BEGIN Data for review

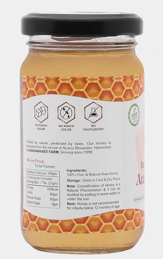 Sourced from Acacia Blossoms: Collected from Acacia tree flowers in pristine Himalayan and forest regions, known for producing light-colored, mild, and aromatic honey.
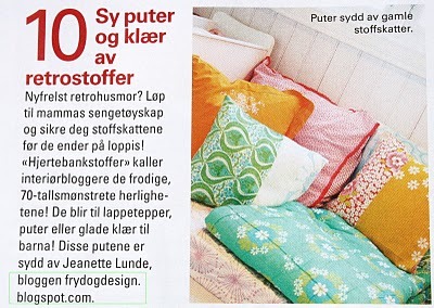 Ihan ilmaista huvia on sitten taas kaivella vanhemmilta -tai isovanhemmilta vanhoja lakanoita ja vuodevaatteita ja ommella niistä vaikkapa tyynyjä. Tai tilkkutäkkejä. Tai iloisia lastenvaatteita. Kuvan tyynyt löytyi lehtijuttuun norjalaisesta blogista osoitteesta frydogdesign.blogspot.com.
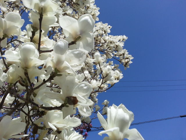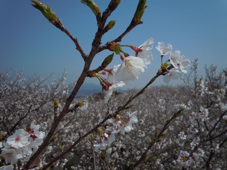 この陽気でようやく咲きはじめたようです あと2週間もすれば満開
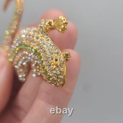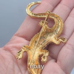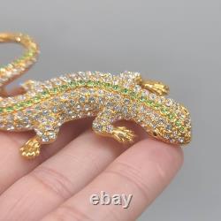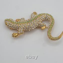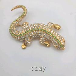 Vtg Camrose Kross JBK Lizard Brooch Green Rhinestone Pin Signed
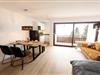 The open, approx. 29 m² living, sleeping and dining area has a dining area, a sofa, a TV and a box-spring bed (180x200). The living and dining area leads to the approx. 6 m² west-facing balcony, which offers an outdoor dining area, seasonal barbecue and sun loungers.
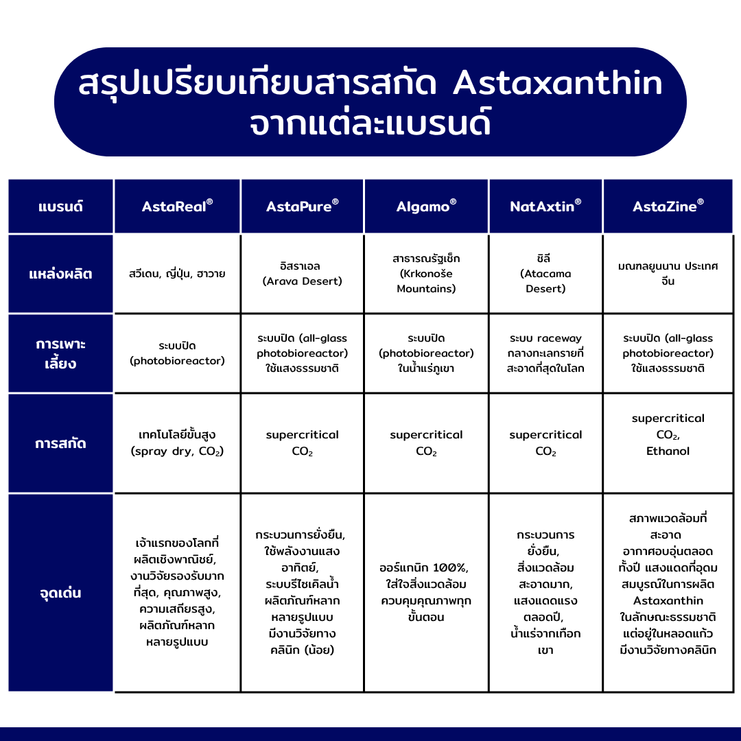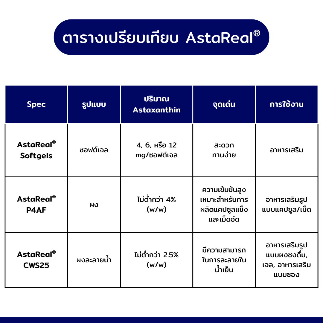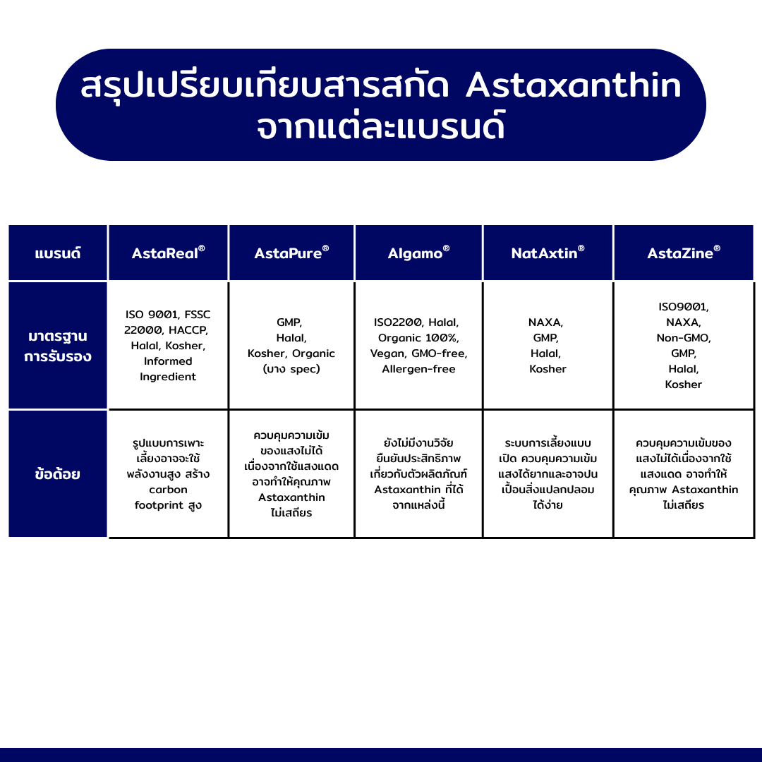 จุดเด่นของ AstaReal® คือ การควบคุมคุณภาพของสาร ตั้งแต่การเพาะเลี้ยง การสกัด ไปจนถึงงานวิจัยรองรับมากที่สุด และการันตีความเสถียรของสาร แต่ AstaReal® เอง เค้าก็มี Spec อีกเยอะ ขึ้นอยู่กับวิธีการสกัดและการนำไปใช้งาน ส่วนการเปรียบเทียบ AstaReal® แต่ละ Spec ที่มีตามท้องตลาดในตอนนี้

END Data for review

** Required action **
The answer must be the lines from the first one in the records through the line containing "Vtg Camrose Kross", copied exactly, with no pictures.

** Response **
 Sourced from Acacia Blossoms: Collected from Acacia tree flowers in pristine Himalayan and forest regions, known for producing light-colored, mild, and aromatic honey.
 Ihan ilmaista huvia on sitten taas kaivella vanhemmilta -tai isovanhemmilta vanhoja lakanoita ja vuodevaatteita ja ommella niistä vaikkapa tyynyjä. Tai tilkkutäkkejä. Tai iloisia lastenvaatteita. Kuvan tyynyt löytyi lehtijuttuun norjalaisesta blogista osoitteesta frydogdesign.blogspot.com.
 この陽気でようやく咲きはじめたようです あと2週間もすれば満開
 Vtg Camrose Kross JBK Lizard Brooch Green Rhinestone Pin Signed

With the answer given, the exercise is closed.